"Wiltshire Gothick" : Lacock Abbey

Lacock Abbey - which has for several centuries been a house - and Lacock village belong to the National Trust.  They provide backgrounds for numerous costume dramas, recent examples being "Wolf Hall" on television and the Harry Potter films.

The middle section of Lacock Abbey is in Neo-Gothic style of the early 1750s, and was built very shortly after the construction of Horace Walpole's Strawberry Hill House.  The mood of this photo is intended to mimic that of the Gothic horror novel, a genre originated by Horace Walpole; the consequent vogue for Gothic horror was to become the subject of a pastiche in Jane Austen's "Northanger Abbey".

Lacock Abbey comprises a somewhat confusing jigsaw of architectural elements.  Its oldest parts date from the 13th century, the most modern from the 19th century.  If the layout is confusing, the result is nonetheless delightful.  

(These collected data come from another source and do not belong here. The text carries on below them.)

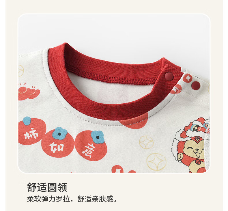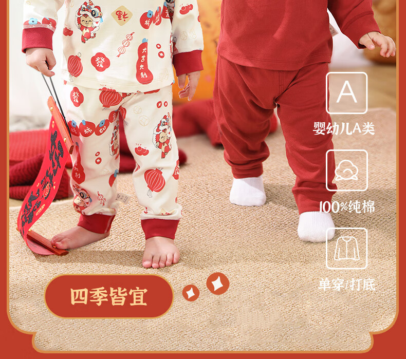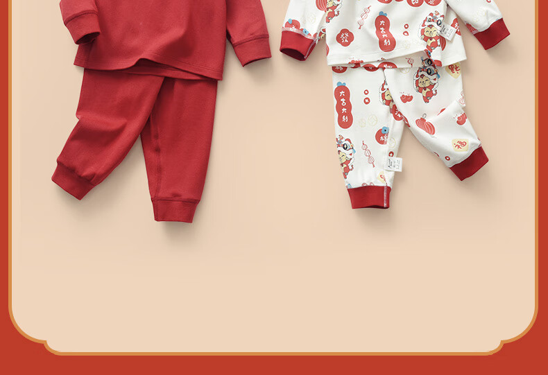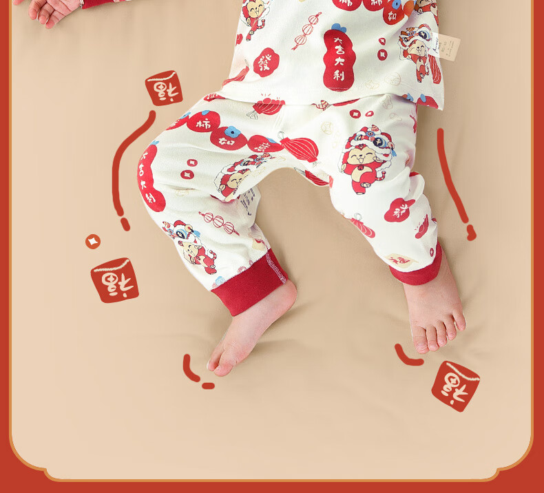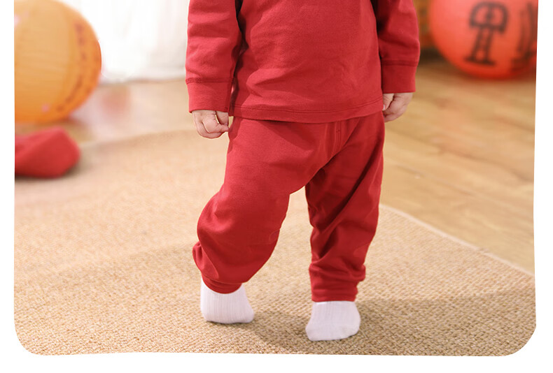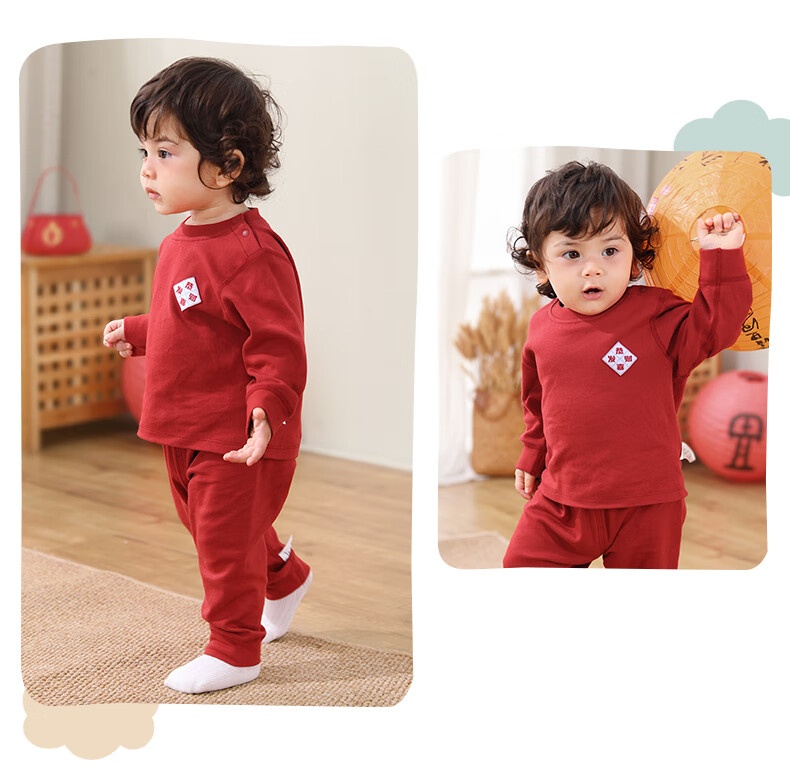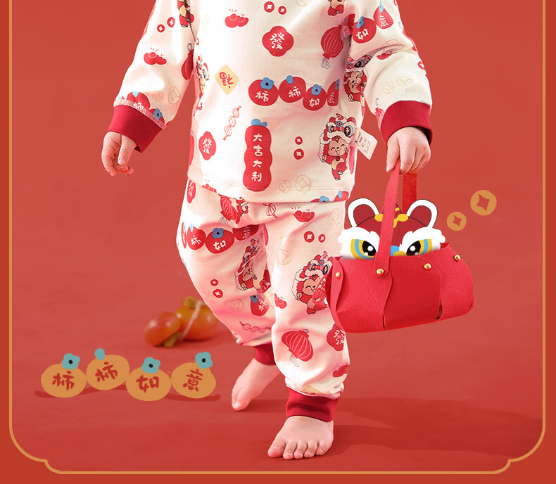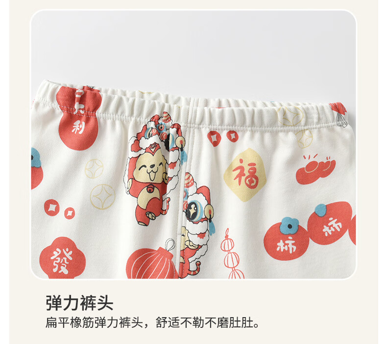 棉棉柔宝宝新年衣服儿童秋衣秋裤套装过年喜庆婴儿年服红色男童女童内衣 柿柿如意 130cm
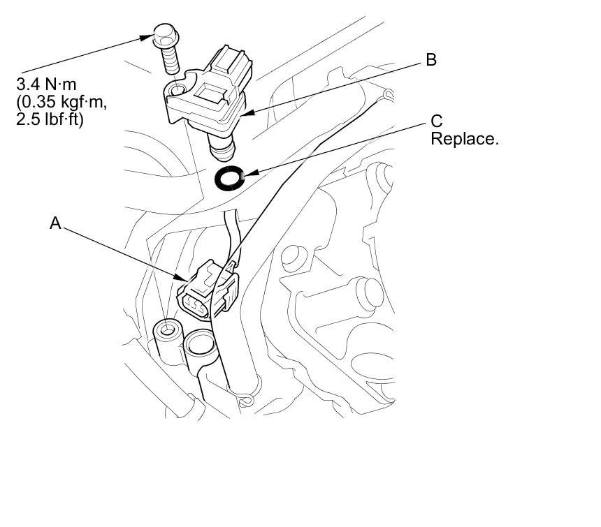 Install the parts in the reverse order of removal with a new O-ring (C).
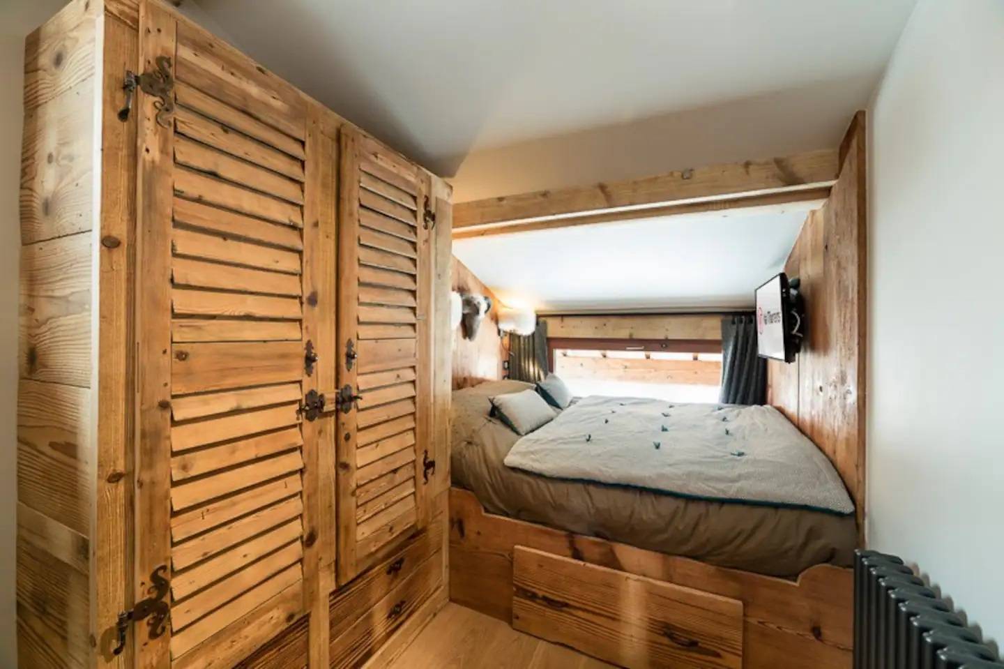 - une chambre avec lit queen size, rangements et TV,
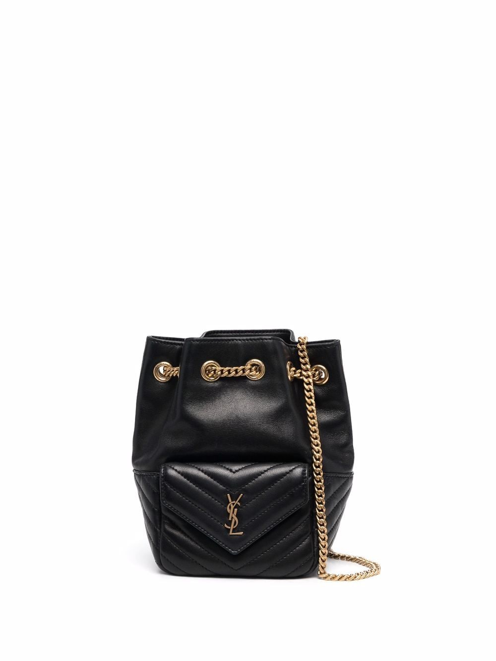 black leather quilted signature YSL logo plaque adjustable leather and chain-link shoulder strap main compartment
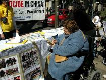 一位坐轮椅的老妇人经过这里,在仔仔细细看了酷刑图板上的说明后,由亲人推着轮椅慢慢来到桌子前,旁边的人们自动让开了路,老妇人在呼吁书上郑重的签上自己的名字。
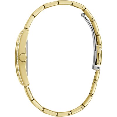 This Guess watch has a case made of stainless steel with a diameter of 27 mm and is fitted with a stainless steel band. Inside the case lies a Seiko movement and the watch features a Mineral crystal.
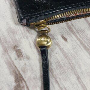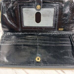 HOBO Black Patent Leather Clutch Bifold Wallet Gold Tone Lock Zip Top Pocket 7.5
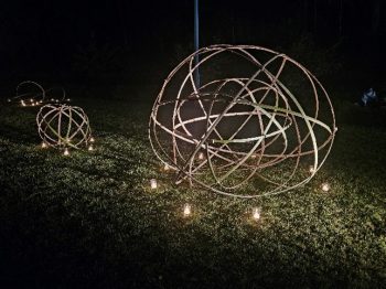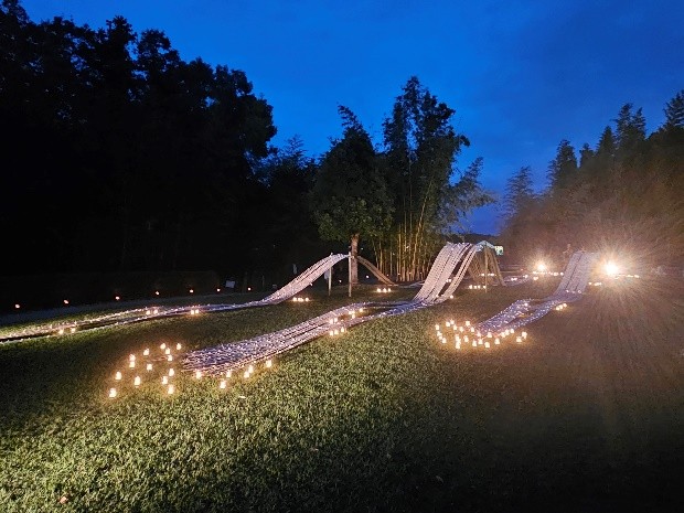 この「高山竹あかり」会場には、本学工芸学科教授の長谷川 政弘先生(金属造形作家)がデザインした竹の造形物が数多く展示されています
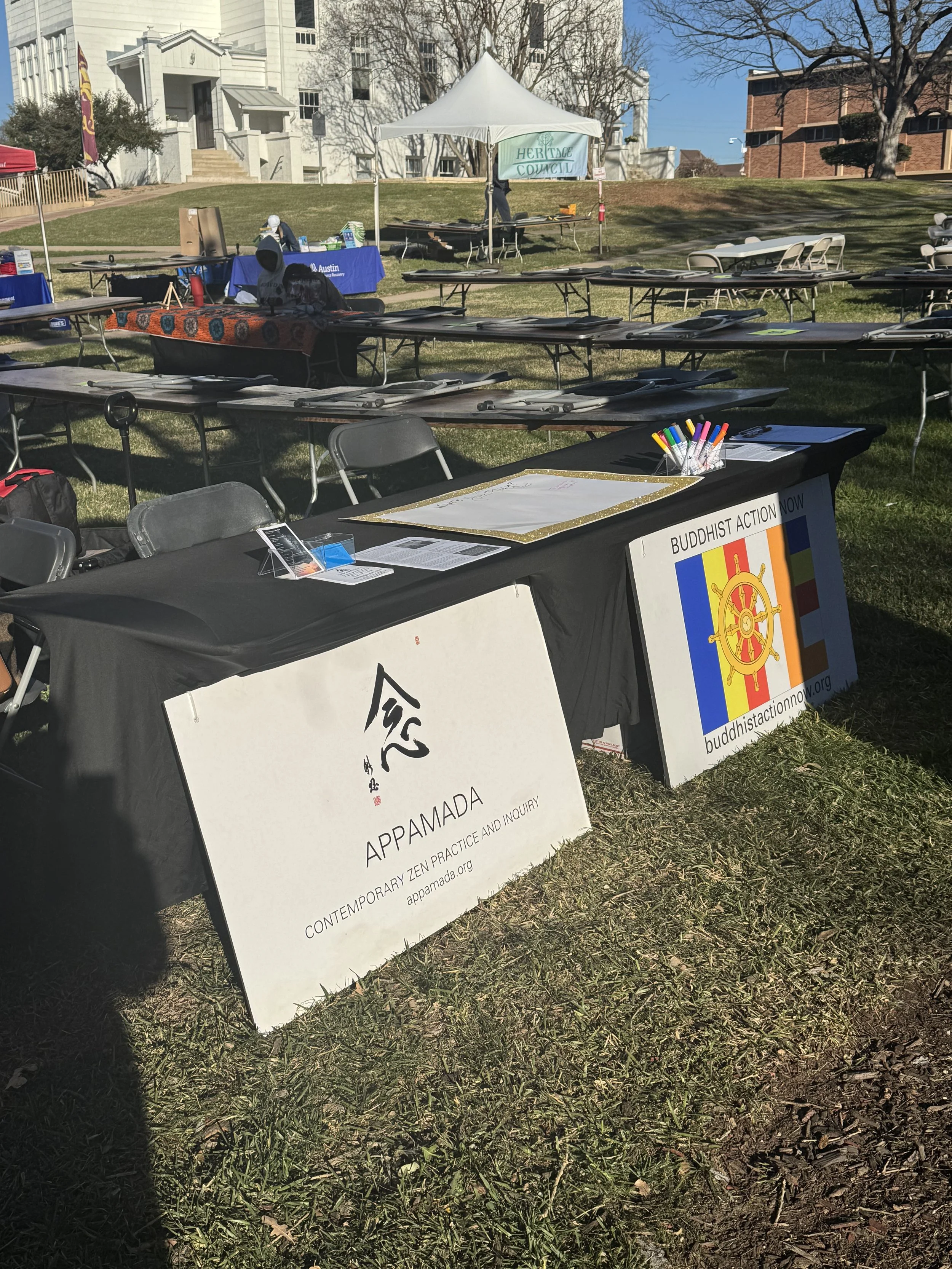 Our volunteers were onsite from 9:30 a.m. to 3:30 p.m. and all report having had great conversations with attendees who expressed interest in Buddhist Action Now, and in our meditation offerings at Appamada.
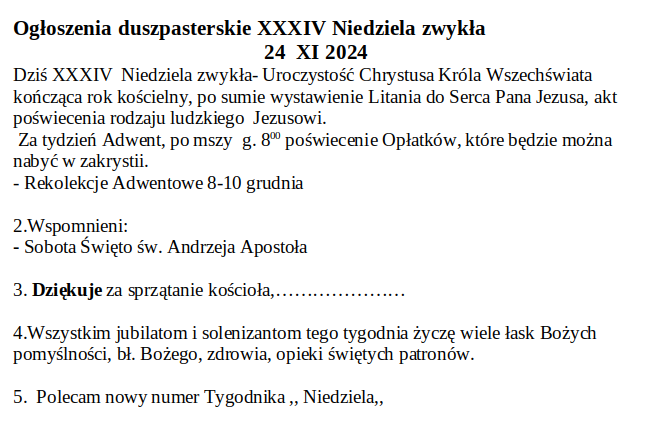 Ogłoszenia Duszpasterskie 24 XI 2024
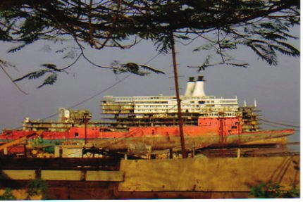 The ship has pretty much disappeared by now--this photo was taken of her at Alang in Feb. 2006:
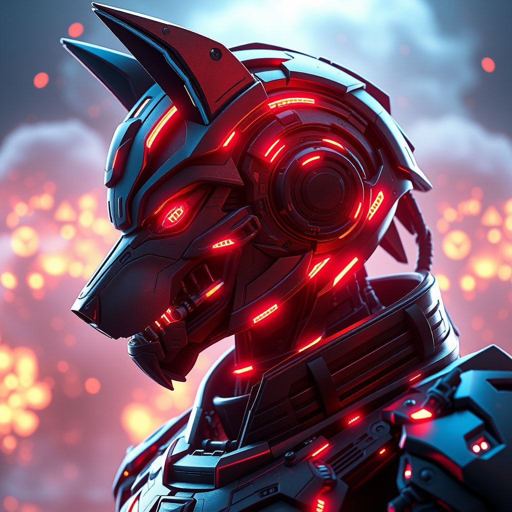 dreamlikeart 3d render of a futuristic military cyborg with a cyberpunk aesthetic, featuring a wolf-inspired design, stealthy warframe armor, highlighted by dynamic neon lights against a backdrop of controlled explosions, emphasizing character design with hard surface details and a smoothly detailed face. The piece showcases highly intricate, symmetrical details enhanced by volumetric and ambient lighting, giving a real-time VFX feel. Rendered in digital 3d with UHD and HDR quality, the side profile captures expressive features like the mouth and ears, highlighting intentional artistic distortions and unique anatomical interpretations. The design avoids traditional perfection, embracing creative and unconventional proportions for a distinct, stylized effect, integrating elements of digital painting with subtle anime influences for an imaginative, otherworldly visual experience.
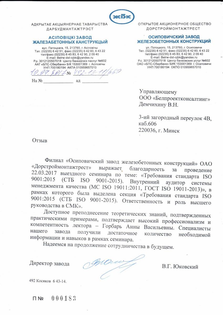 Филиал «Осиповичский завод железобетонных конструкций» ОАО «Дорстроймонтажтрест» выражает благодарность за проведение 22.03.2017 выездного семинара по теме: «Требования стандарта ISO 9001:2015 (СТБ ISO 9001-2015). Внутренний аудитор системы менеджмента качества (МС ISO 19011:2011, ГОСТ ISO 19011-2013)», в рамках которого была выделена секция «Требования стандарта ISO 9001:2015 (СТБ ISO 9001-2015). Ответственность и роль высшего руководства в СМК».
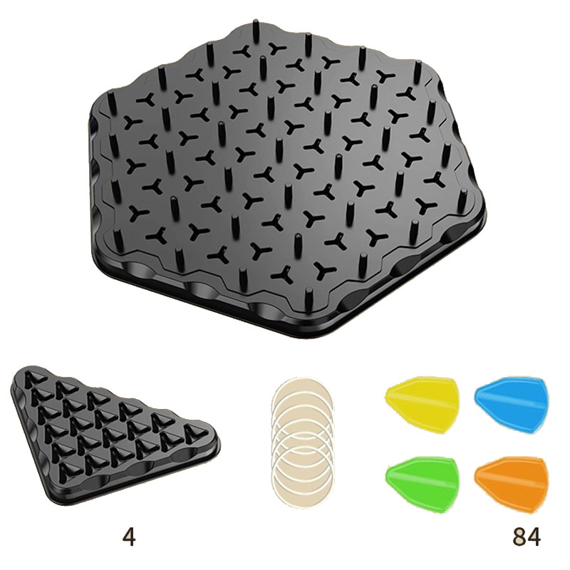 بازيكنان با استفاده از قطعات مثلثى رنكَى روى يك صفحه شش ضلعى رقابت مى كنند. اين بازى تركيبى از استراتزى، مهارت و تعامل اجتماعى است و به تقويت تمركز، هما هنكى دست وجشم وحل مسئله كمك مى كند.

The last of the modifications to Lacock Abbey house were made by the polymath William Henry Fox Talbot (1800-1877).  He is best known as the father of modern photography.  It was here at Lacock Abbey that he invented his system of "calotypes": this combined the stabilisation of images - the holy grail of photography - with the use of negative photographs on paper, which were in turn used to generate positives.